- [TASK ITEM]
When you reach the line with "parcheggio accanto alla" in the records below, begin transcribing exactly and continue up to and including the line with "Between 1948 and", leaving out every picture.

- [GIVEN DATA]
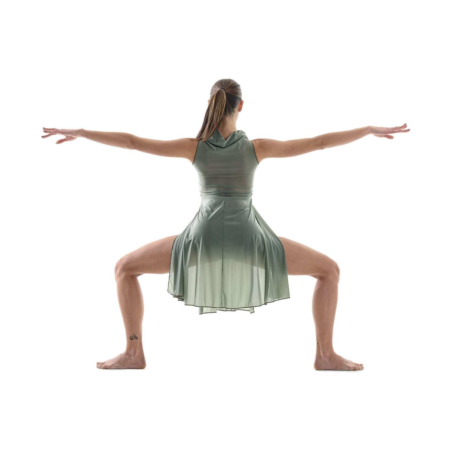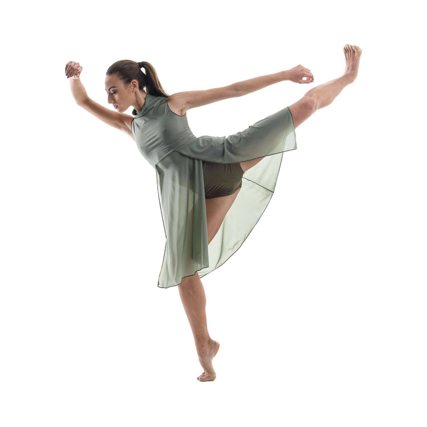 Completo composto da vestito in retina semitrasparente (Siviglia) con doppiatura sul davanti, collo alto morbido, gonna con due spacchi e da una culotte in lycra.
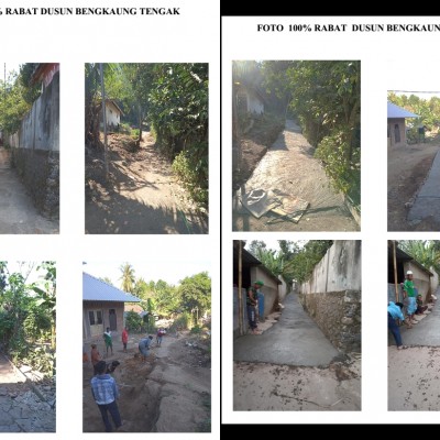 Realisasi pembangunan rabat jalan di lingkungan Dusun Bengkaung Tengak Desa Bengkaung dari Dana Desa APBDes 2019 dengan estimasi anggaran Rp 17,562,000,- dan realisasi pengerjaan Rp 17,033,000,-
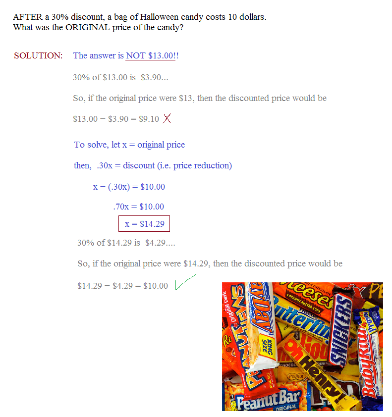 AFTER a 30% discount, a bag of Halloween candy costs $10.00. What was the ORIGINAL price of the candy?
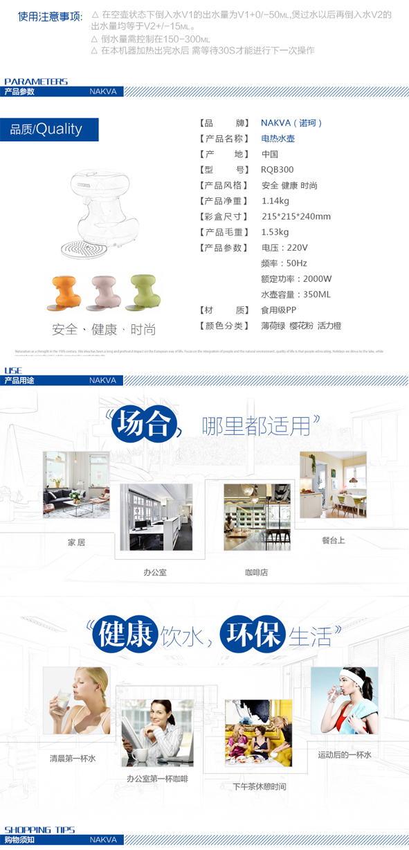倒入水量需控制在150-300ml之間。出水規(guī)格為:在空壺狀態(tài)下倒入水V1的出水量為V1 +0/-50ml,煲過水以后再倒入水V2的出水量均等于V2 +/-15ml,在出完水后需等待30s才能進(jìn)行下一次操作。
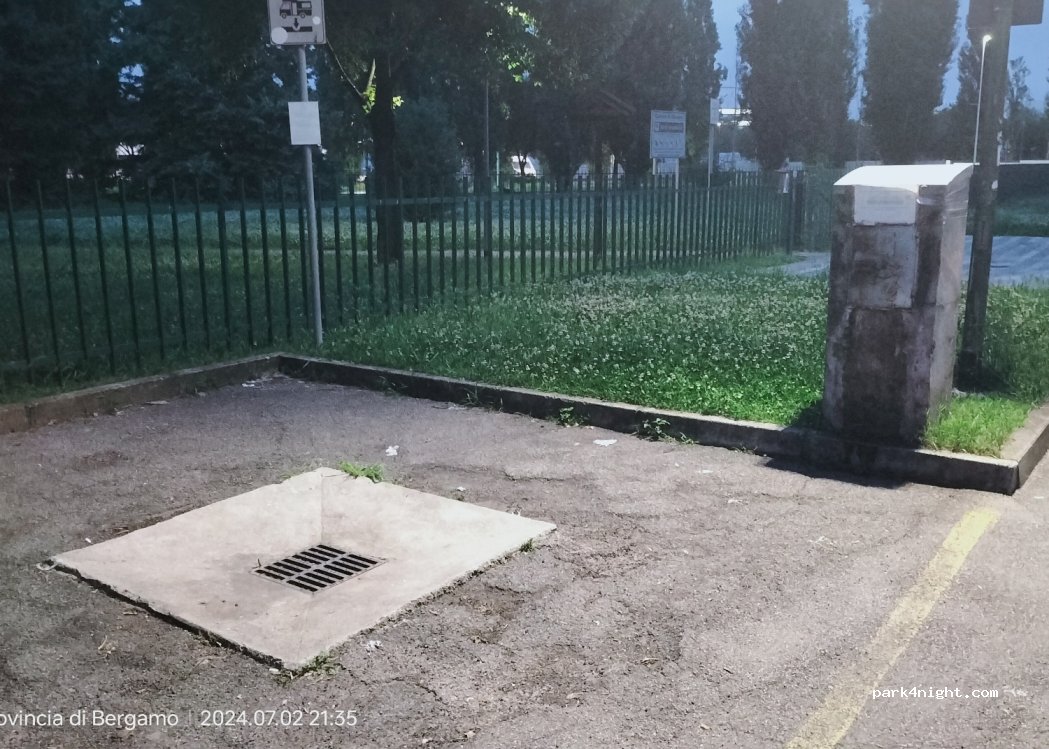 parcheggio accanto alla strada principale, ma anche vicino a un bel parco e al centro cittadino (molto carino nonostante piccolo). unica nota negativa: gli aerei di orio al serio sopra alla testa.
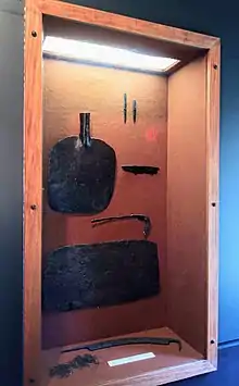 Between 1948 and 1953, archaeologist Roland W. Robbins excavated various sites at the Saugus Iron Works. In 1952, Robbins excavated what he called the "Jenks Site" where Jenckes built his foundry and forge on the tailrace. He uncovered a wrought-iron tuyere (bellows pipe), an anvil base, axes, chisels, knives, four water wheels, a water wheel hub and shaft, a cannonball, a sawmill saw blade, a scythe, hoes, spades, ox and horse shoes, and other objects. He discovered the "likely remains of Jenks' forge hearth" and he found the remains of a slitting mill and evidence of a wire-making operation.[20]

---

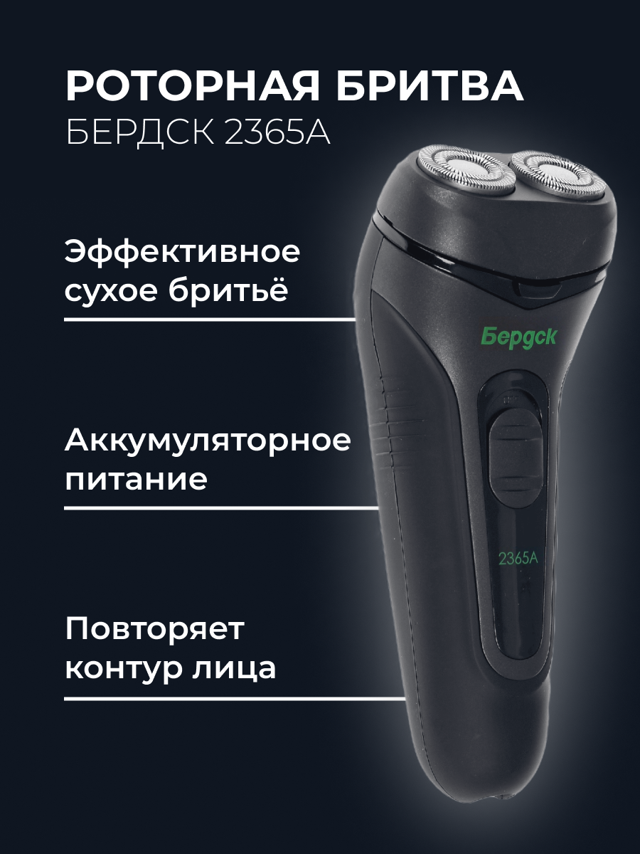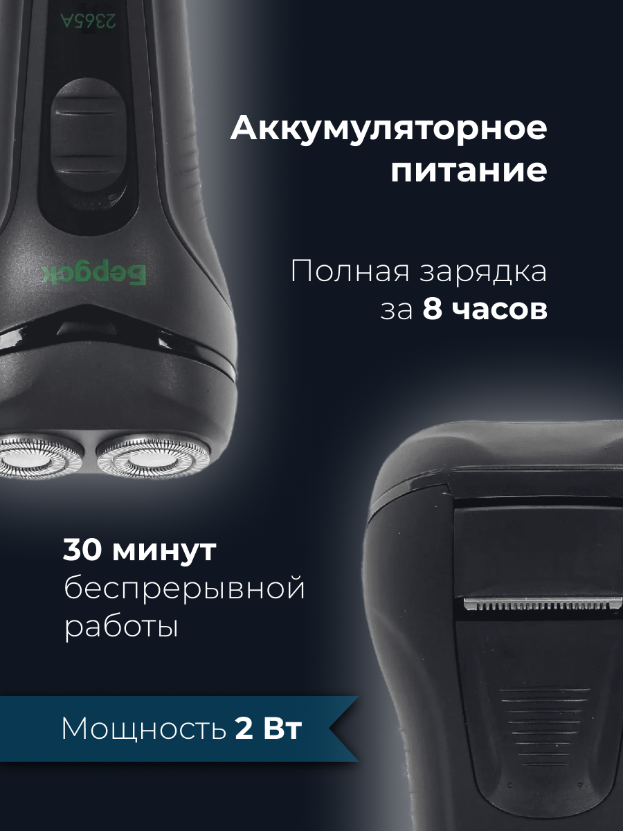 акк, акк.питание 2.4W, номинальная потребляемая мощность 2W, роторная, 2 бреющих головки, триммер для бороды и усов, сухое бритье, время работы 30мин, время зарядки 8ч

- [TASK RESULT]
 parcheggio accanto alla strada principale, ma anche vicino a un bel parco e al centro cittadino (molto carino nonostante piccolo). unica nota negativa: gli aerei di orio al serio sopra alla testa.
 Between 1948 and 1953, archaeologist Roland W. Robbins excavated various sites at the Saugus Iron Works. In 1952, Robbins excavated what he called the "Jenks Site" where Jenckes built his foundry and forge on the tailrace. He uncovered a wrought-iron tuyere (bellows pipe), an anvil base, axes, chisels, knives, four water wheels, a water wheel hub and shaft, a cannonball, a sawmill saw blade, a scythe, hoes, spades, ox and horse shoes, and other objects. He discovered the "likely remains of Jenks' forge hearth" and he found the remains of a slitting mill and evidence of a wire-making operation.[20]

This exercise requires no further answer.